=== Data supplied ===

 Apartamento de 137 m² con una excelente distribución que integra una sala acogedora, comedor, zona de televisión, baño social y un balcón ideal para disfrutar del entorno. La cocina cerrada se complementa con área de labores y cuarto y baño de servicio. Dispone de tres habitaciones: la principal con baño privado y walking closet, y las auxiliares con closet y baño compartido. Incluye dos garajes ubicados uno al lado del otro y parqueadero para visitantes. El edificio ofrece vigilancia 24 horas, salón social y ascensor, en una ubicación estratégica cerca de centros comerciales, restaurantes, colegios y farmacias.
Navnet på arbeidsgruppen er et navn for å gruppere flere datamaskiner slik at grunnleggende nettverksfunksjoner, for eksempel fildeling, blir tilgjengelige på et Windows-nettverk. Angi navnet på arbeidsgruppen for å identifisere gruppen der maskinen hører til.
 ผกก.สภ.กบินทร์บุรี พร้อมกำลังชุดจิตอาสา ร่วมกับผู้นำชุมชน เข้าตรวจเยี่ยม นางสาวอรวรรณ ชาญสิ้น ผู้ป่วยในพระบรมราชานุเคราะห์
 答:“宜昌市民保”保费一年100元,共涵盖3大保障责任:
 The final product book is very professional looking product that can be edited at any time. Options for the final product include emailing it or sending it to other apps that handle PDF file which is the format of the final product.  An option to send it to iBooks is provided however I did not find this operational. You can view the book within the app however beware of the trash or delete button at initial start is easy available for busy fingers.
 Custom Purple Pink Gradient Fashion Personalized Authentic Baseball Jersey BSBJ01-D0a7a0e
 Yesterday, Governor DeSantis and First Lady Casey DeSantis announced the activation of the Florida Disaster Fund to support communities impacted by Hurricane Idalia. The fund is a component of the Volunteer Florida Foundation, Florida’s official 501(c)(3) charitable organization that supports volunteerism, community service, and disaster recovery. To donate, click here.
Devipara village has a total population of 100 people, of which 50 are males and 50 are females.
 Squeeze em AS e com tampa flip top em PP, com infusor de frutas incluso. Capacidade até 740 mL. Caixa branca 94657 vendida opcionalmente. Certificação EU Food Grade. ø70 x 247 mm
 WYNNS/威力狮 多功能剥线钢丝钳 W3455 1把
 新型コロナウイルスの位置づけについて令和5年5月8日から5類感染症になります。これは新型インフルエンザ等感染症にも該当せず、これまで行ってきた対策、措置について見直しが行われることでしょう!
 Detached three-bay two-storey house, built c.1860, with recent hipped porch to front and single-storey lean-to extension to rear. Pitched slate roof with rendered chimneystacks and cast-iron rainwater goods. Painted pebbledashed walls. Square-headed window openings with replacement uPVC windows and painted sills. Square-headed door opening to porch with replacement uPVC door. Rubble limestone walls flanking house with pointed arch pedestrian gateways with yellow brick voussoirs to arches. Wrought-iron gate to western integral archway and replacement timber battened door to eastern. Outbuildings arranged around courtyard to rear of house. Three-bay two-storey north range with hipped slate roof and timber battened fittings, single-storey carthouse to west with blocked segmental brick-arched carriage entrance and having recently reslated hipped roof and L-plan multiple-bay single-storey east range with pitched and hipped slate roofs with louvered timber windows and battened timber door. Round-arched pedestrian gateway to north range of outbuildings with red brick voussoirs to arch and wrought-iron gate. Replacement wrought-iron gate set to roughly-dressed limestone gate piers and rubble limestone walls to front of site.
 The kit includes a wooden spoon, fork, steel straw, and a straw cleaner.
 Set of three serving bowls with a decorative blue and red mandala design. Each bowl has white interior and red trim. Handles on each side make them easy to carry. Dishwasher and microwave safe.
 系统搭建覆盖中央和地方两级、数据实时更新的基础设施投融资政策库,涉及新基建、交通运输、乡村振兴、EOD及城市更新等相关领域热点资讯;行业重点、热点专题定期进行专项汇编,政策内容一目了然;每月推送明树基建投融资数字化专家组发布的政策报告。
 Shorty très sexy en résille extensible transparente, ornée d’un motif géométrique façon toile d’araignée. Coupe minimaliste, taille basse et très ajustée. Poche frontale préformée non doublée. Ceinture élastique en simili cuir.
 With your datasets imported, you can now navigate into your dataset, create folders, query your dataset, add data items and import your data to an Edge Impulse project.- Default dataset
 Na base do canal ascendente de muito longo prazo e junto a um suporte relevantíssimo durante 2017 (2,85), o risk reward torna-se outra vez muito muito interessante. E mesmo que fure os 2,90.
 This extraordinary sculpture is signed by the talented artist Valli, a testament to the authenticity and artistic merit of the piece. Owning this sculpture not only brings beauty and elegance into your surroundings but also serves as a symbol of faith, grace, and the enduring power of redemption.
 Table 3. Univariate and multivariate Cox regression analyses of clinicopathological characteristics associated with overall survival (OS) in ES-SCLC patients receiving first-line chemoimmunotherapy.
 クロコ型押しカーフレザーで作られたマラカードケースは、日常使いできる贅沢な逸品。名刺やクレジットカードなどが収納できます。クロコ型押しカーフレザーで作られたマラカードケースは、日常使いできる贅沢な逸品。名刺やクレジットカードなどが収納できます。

===

▶ Required action:
If a line in the records above has the word "that", copy it out.

▶ Answer for this exercise:
 The final product book is very professional looking product that can be edited at any time. Options for the final product include emailing it or sending it to other apps that handle PDF file which is the format of the final product.  An option to send it to iBooks is provided however I did not find this operational. You can view the book within the app however beware of the trash or delete button at initial start is easy available for busy fingers.
 Yesterday, Governor DeSantis and First Lady Casey DeSantis announced the activation of the Florida Disaster Fund to support communities impacted by Hurricane Idalia. The fund is a component of the Volunteer Florida Foundation, Florida’s official 501(c)(3) charitable organization that supports volunteerism, community service, and disaster recovery. To donate, click here.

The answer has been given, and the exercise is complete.